JAN 14, 2015 - 10:33 PM
Thanks for the review. The M1 57mm gun was positively ubiquitous with the U.S. Army in Europe, so it's long past time for somebody to give us a kit. Too bad the kit has its flaws, but that's the way it goes. :-) Maybe now one of the big companies -- Dragon, Tamiya, etc. -- will put out an M1 57mm of their own, including a crew.
JAN 23, 2015 - 09:02 AM
I've just finished construction on Riich's 6pdr AT Gun and am getting ready to start painting it. Looking at this review, the US 57 mm kit is very, very similar to the 6 pdr.

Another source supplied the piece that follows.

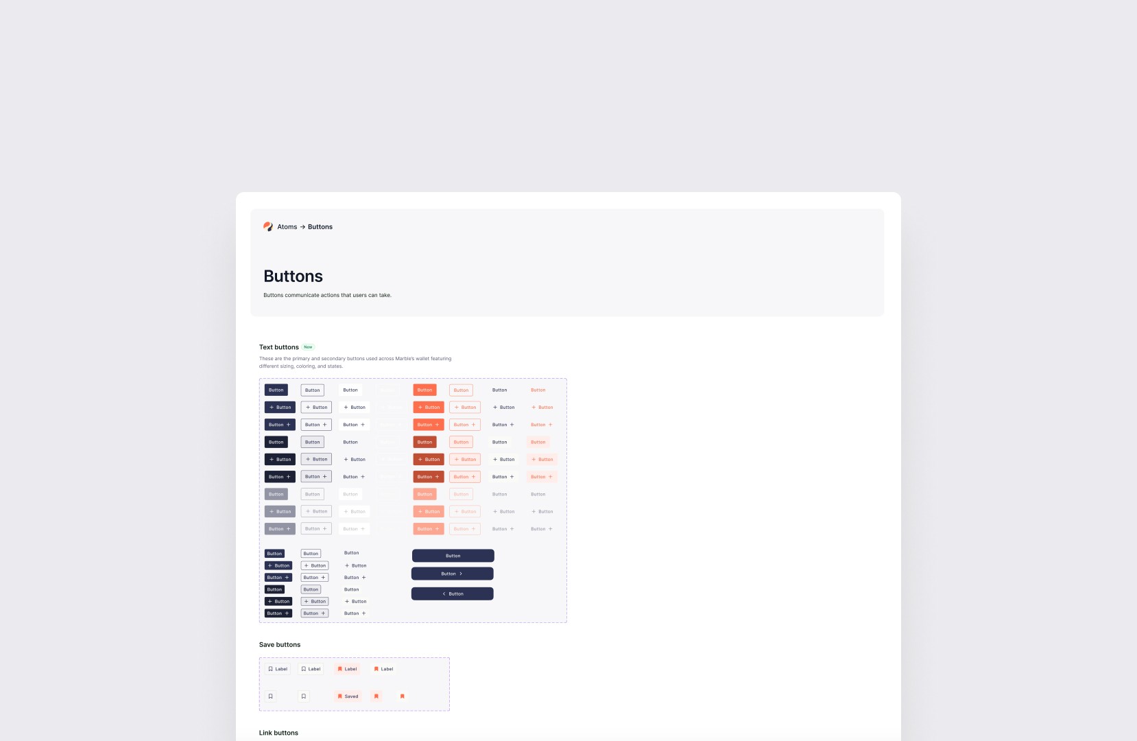 marble’s ui was turning into a patchwork — so we built a system to stitch it all together. as the sole designer, i led the charge, from auditing legacy components to creating a scalable library in figma and syncing closely with engineering. the result was a flexible design system that sped up builds, streamlined handoffs, and brought consistency (and sanity) back to the product.

Sprues B and Wa even appear to be the same. The 6 pdr is not an especially easy kit to build. It is somewhat challenging, but with patience and care it will build into a very nice replica. I think the same could probably be said for the 57 mm. If you want simple and easy, it might not be the kit for you. But if you want a very detailed replica, I don't think you'll be disappointed. Light years ahead of the old Tamiya 6 pdr or the Pearless Max cum Italeri cum Zvezda 57 mm kits.